Destra politica e religiosa stanno fremendo: non è dato sapere se le donne che hanno assunto il medicinale fossero incinte o no ed esse hanno già dichiarato che considereranno una grave violazione dei loro diritti umani costringerle a fare test di gravidanza. Io ho il sospetto, fondato su centinaia di esperienze precedenti, che parte di esse – se non tutte – non fossero incinte: quando in Italia l’interruzione volontaria di gravidanza era illegale, molte attiviste si autoaccusarono di aver abortito come mossa politica e atto solidale.

Comunque, stante una legislazione che impedisce importazione e vendita della pillola, e persino l’assistenza medica a una donna che voglia abortire, come hanno fatto a ottenere il medicinale?

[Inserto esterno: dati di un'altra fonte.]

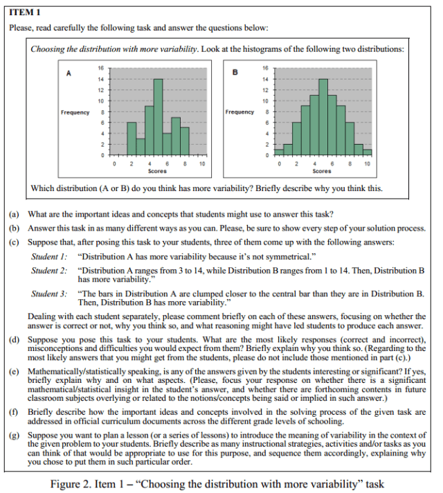 Came across this neat little tool in an article about the teaching of variability in a statistical literacy course. It’s a sample item to help a teacher think through the multiple ways that students might conceive of variability, and to what extent those conceptions either aid or block student comprehension of more complex issues:

robot distributore di pillole

Con questi simpatici robot, frutto della collaborazione delle organizzatrici con “Women on Waves” e “Women on Web” – organizzazioni che forniscono consulenza e sostegno per un accesso sicuro all’interruzione di gravidanza. Di “Women on Waves”, delle sue attiviste e mediche e della sua nave che si posiziona giusto fuori dalle acque territoriali di nazioni che criminalizzano l’aborto e viene raggiunta dalle donne locali avvisate per tempo, vi avevo parlato in precedenza. L’organizzazione ha la sua base fisica in Olanda, e da là una dottoressa era in diretto contatto con le donne per consigliarle e assisterle. I robot sono stati sequestrati dalla polizia (ma non possono essere minacciati, malmenati, denunciati, messi in prigione, ecc. con qualche risultato, perciò dio sa cosa se ne faranno).

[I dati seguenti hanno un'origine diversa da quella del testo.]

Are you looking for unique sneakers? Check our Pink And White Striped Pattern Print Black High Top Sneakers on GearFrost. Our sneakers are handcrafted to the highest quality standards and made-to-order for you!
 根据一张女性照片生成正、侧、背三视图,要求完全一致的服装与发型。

Adesso la palla passa a Theresa May, Primo Ministro del Regno Unito, giacché l’Assemblea dell’Irlanda del Nord (il cosiddetto “Parlamento di Stormont”, dal nome del palazzo in cui si riunisce) è – di nuovo – sospesa. Succede abbastanza spesso a causa dei disaccordi fra i partiti unionisti e quelli nazionalisti: attualmente questo corpo legislativo non funziona dal 9 gennaio 2017.

Le donne dell’Irlanda del Nord, però, per essere riconosciute come esseri umani dotati della piena capacità di esercitare signoria sui propri corpi, hanno aspettato sin troppo.